## Your task
Search the records for the word "more" and report each line that has it.

## Records from a collection
■ ■ ■ ■

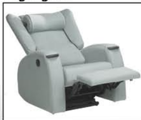
"Wall-Hugger" design and full recline
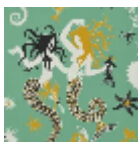
FP771003 MENTHE A L'EAU
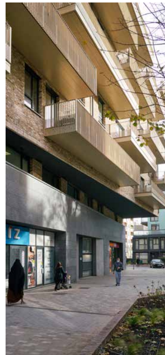
Acton Gardens Estate © Levitt Bernstein

A surgery review will be summarised in a brief document no more than two sides of A4, rather than a full report.
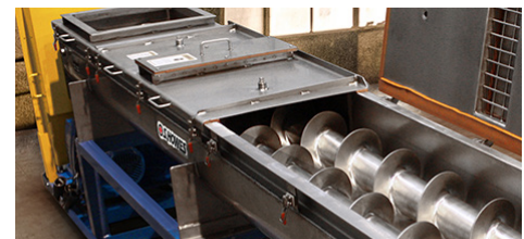
Thermal Screw Conveyors provide efficient heat transfer while conveying bulk materials through heating, cooling, or drying stages.

Figure 1 shows a processing system illustrating CPEG's single-source approach to complete plant solutions. The image highlights how Carrier Vibrating Equipment, Heyl Patterson Thermal Processing, Buflovak, Sly Air Pollution Control, PK Blenders, and S. Howes technologies are combined into a unified process line covering material handling, thermal processing, mixing, and emissions control to optimize efficiency, consistency, and overall plant performance.
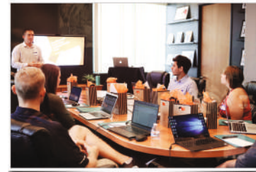
Quantitative Research Approaches
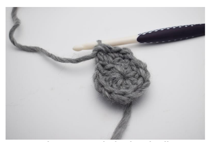
7. Wrap the yarn over the hook and pull through all 6 loops. Pull to tighten a little. Your BuSt is now on the back side of the work.
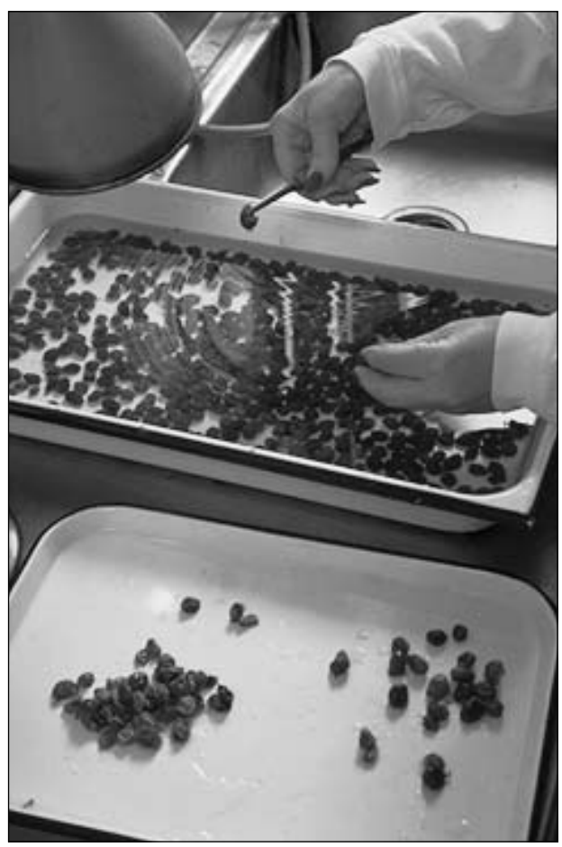
Figure 31.6 Moldy raisins are separated for scoring. Putrid mold (the most common) is scored if half or more of the berry is affected. Nodular mold covering one-eighth of the berry surface is scored. Split mold is scored if it extends one-half the length of the berry.

■ ■ ■ ■

## Task answer
A surgery review will be summarised in a brief document no more than two sides of A4, rather than a full report.
Figure 31.6 Moldy raisins are separated for scoring. Putrid mold (the most common) is scored if half or more of the berry is affected. Nodular mold covering one-eighth of the berry surface is scored. Split mold is scored if it extends one-half the length of the berry.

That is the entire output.